Subject: Re: Optimizer bug in NetBSD/SPARC64 1.5?
To: None <port-sparc@netbsd.org>
From: Greg Earle <earle@isolar.DynDNS.ORG>
List: port-sparc
Date: 02/15/2001 07:28:20
> It's safe to say that the sparc64 compiler is, uh, poor at best.  That it
> works as well as it does surprises me every day, I think.  You'll find that
> there are several work arounds in the netbsd source tree for sparc64 compiler
> bugs.  See doc/HACKS.  This one looks not like the others, though, I don't
> know exactly what this program is doing :-)

The NMH "scan" program just reads the headers of each mail message in an NMH
folder.  So all the first column numbers should have been consecutively
numbered file names.  But instead of "1", etc. it was coming up with "?4128"
which to me shows some kind of massive overflow problem with "-O2" in that
particular instance.

How did an entire OS and kernel get built successfully if it's in this kind of
state?  'Cos other than some random programs (like "xntpd") that crash, most
everything else seems to work OK so far ... (I'm glad for that!  hehe)

> Unfortunately, avenues for alternative compilers are poor.  gcc-current won't
> build sparc64-elf for me, nor sparc64-netbsd (hasn't for _months_).  I've
> tried to get the sparclinux compiler working (they use the RedHat `gcc 2.96'
> thing.. it has dozens and sparc64 patches..) but I couldn't get that working,
> even for `sparc64-elf'.  (I have given up trying to fix the compiler for now.)

Arggh.  Well, I wouldn't mind so much, if I could find workarounds.  I got
"perl5-base" to compile, finally, by changing "-g -msoft-quad-float -O2 ... "
in "patch-ag" to simply "-O -msoft-quad-float ...", for example.  (Not sure
that it *works*, mind you, but at least it builds, which is a start.  (-: )

But I'm starting to run into thornier stuff.  For example, "sudo" needs
autoconf-2.31 and m4-1.4.  When it runs "autoconf" to create "configure",
these huge bogus line numbers get generated into "configure", and it barfs
on itself when it runs.  I traced this back to "awk" (I think), and here's
a simple demonstration:

isolar# uname -rm
1.4.2 sparc
isolar# awk 'END { printf("%d\n", 1) ; }'
1

netbsd4me# uname -rm
1.5 sparc64
netbsd4me# awk 'END { printf("%d\n", 1) ; }'
9223372045444710399

Note that this number in Hex is 0x80000001FFFFFFFF.  Significant?

If "awk" can't even print out a simple "1" without serious problems, well ...

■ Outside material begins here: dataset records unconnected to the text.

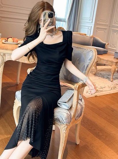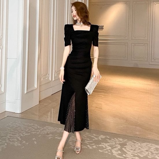 結婚式ドレス レディース マーメイド ワンピース 半袖 スクエアネック パフスリーブ ミモレ丈 ロング丈 タイトワンピース レース エレガント 演奏会 二次会 謝恩会 パーティードレス おしゃれ
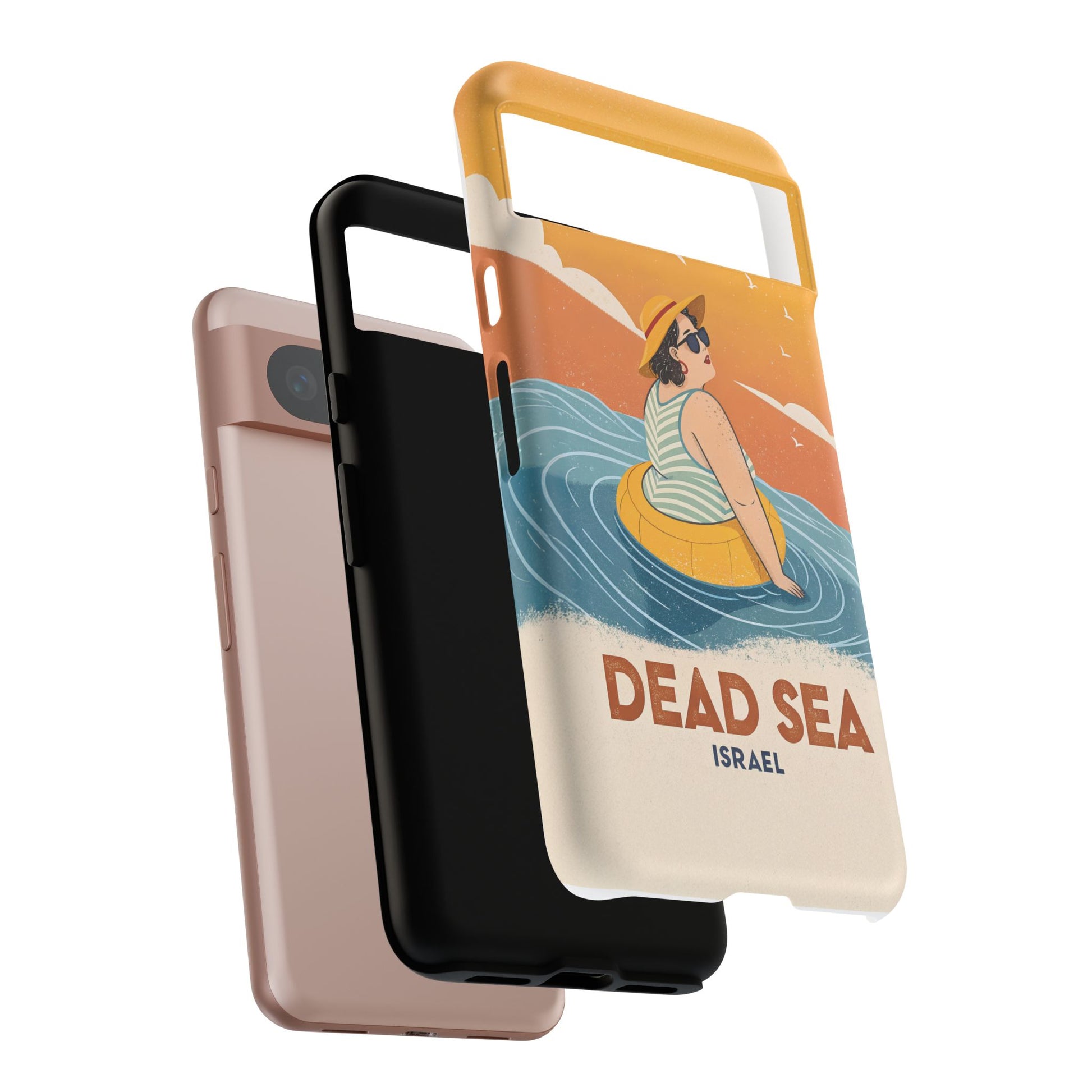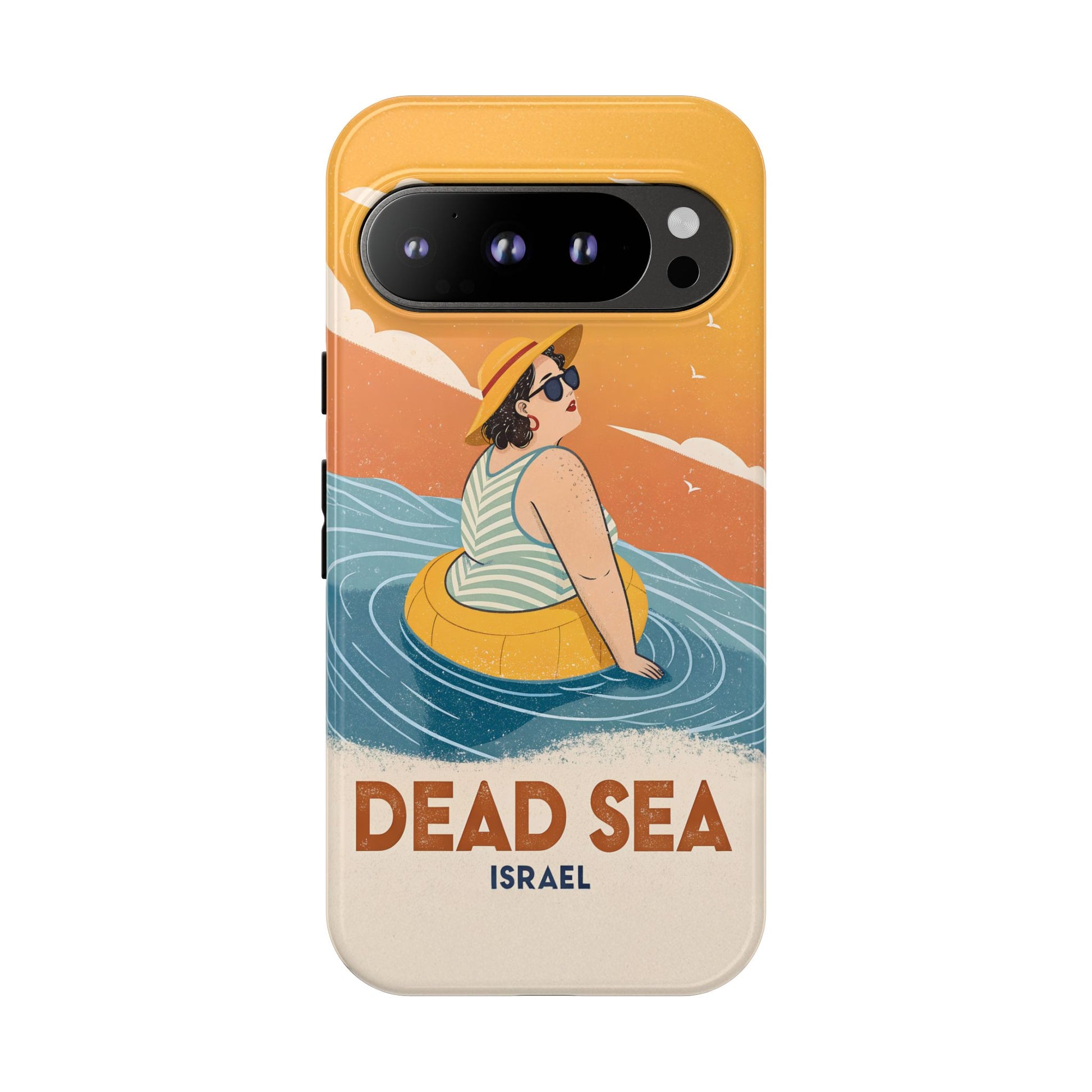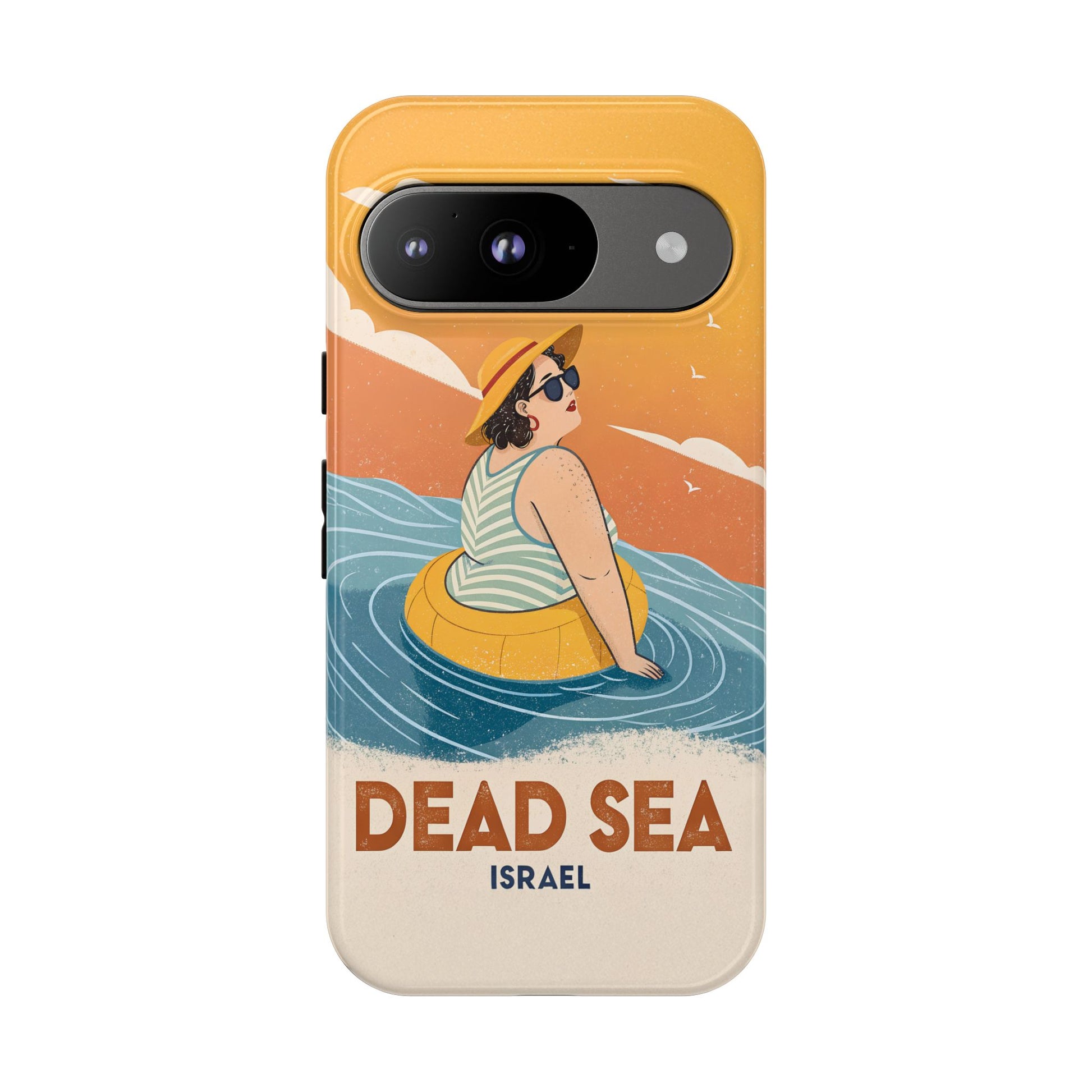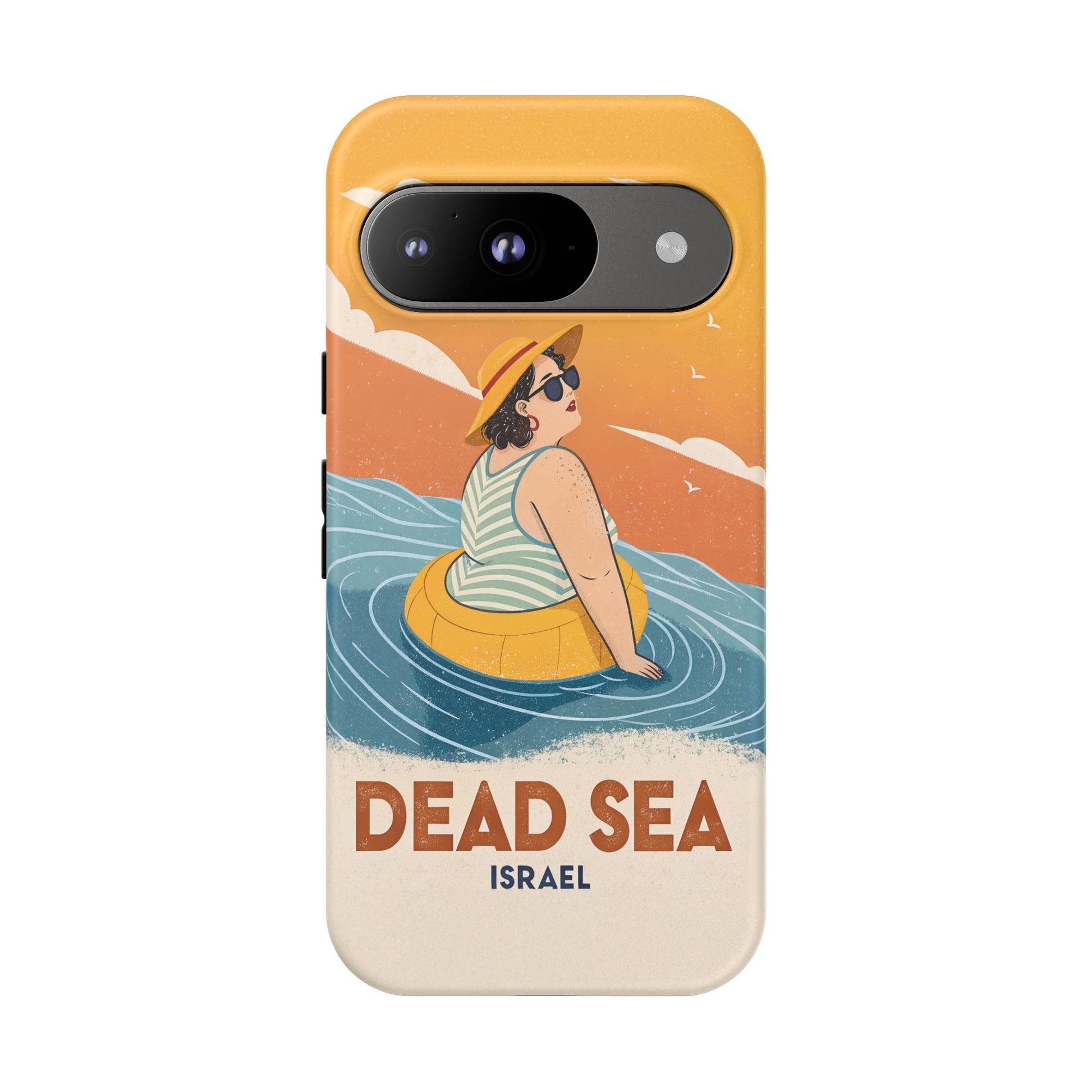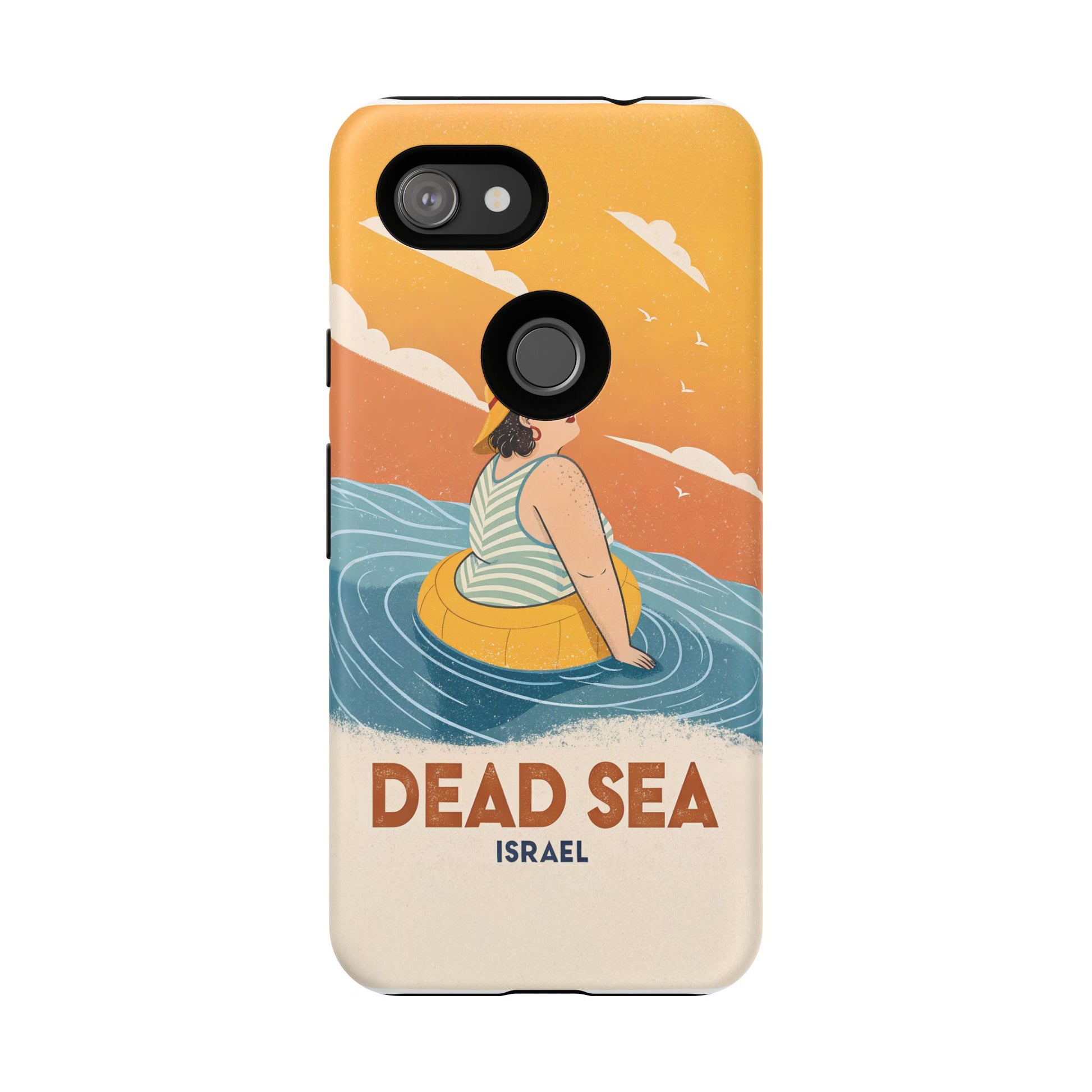 Ta med deg roen, magien og humoren fra Dødehavet med dette flotte retro-inspirerte mobildekselet. Designet viser en avslappet kvinne som flyter på det mineralrike vannet, omringet av myke blå bølger og en varm oransje himmel. Det kunstneriske uttrykket kombinerer vintage feriestemning med den ikoniske opplevelsen av å sveve uten anstrengelse på verdens salteste sjø.
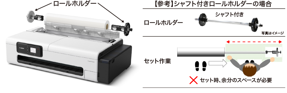 省スペースでロール紙のセットができるようシャフト(長い軸)のないロールホルダーを採用。ロール紙の左右から装着してプリンターにセットするので、シャフトのあるロールホルダーに比べ、余分なスペースを必要としません。
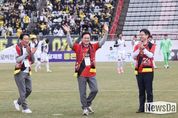 뉴스다 류대현 기자 | 김태흠 충남도지사는 2일 이순신아산종합운동장에서 열린 ‘하나은행 K리그2 2026’ 파주 프런티어FC와의 충남아산FC 홈 개막전을 찾아 1부 리그 승격을 기원하고 선수단을 격려했다. 충남아산FC 명예구단주인 김 지사는 이날 시축을 통해 1부 리그 승격을 위한 승리를 기원하고, 관중들과 함께 경기를 관람하며 뜨거운 응원을 보냈다. 이 자리에서 김 지사는 “충남아산FC는 2024년 준우승한 명문구단으로서 강한 저력을 가진 팀”이라면서 “올해는 최대 4개 팀이 K리그로 올라갈 수 있는 만큼 이번 기회에 1부 리그로 진출해야 한다”라고 강조했다. 이어 김 지사는 “도 차원에서도 지난해보다 훨씬 강화된 지원으로 1부 리그 승격을 끝까지 밀어붙일 것”이라며 “도민 여러분께서도 충남아산FC를 힘차게 응원해 주시길 바란다”라고 말했다.
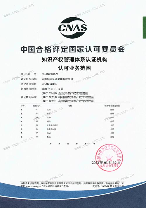知识产权管理体系认可证书
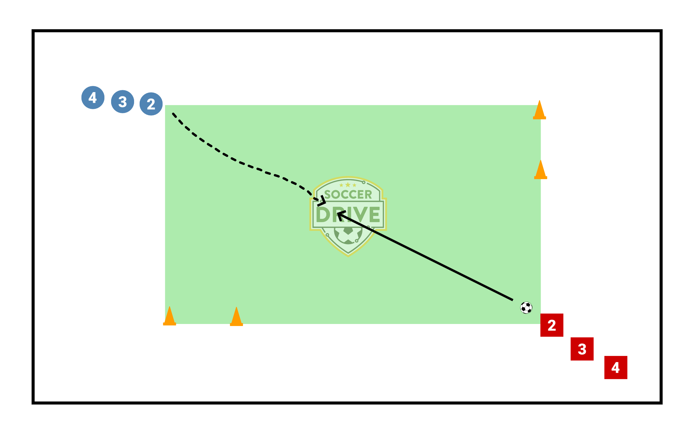 Red team player starts with ball and passes to blue team who has to dribble ball through either gate.
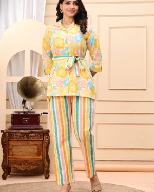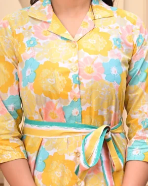 Bring effortless sunshine to your wardrobe with this breezy yellow cotton co-ord set. Featuring an abstract floral print, belt tie, and neat button closure for a flattering, easy fit.
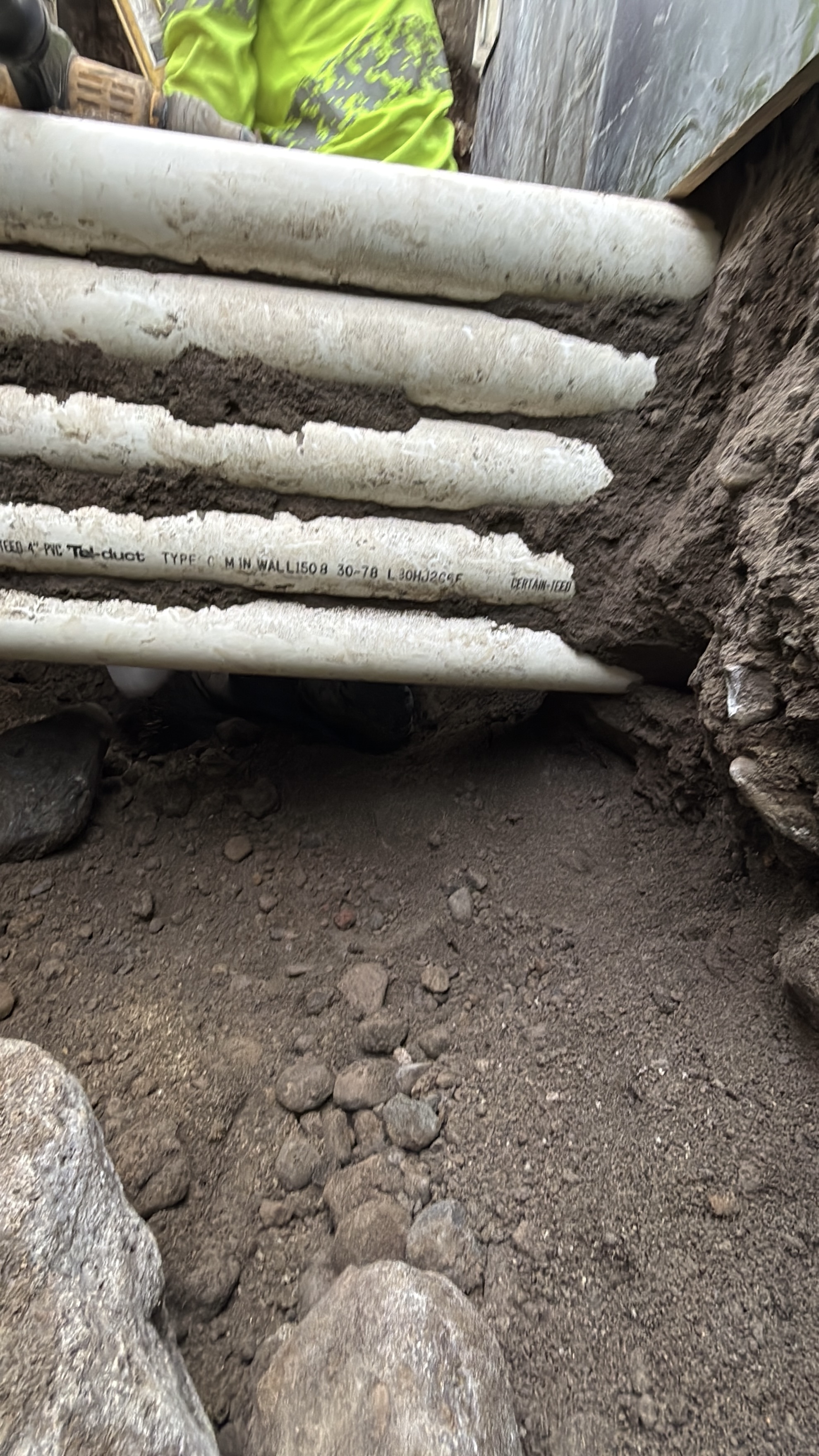 The image shows several PVC pipes stacked horizontally within a trench excavation. The pipes appear to be 4-inch diameter and are likely part of a pipeline installation. The site is in the early stages of construction as indicated by the raw earth surrounding the pipes and lack of backfill. A worker in high-visibility clothing is partially visible, possibly engaged in aligning or securing the pipes.

("gawk" gets built with "-O", so I'm not sure what exactly is being tickled
 that causes this behavior at run-time.  If I build "gawk" with "-g" instead
 of "-O", I get a completely different result than the above -
 0xBFF0000000000000.

 This smacks of weirdness in /usr/src/gnu/dist/gawk/builtin.c::format_tree(),
 maybe in the "unsigned long" stuff in the handlers for "%d"/"%i"?  I tried
 to run (g)awk under GDB, but attempts to print out variables at breakpoints
 give me "Error accessing memory address 0x7NN: Invalid argument." errors.)

This kind of thing is propagating throughout the system, making it really
difficult for me to get anything built in the pkg tree.  <Sigh>

(I suppose this really should've been a simple send-pr, but I'm wondering if
 I'm the only person running into these kinds of things on the Ultra.)

	- Greg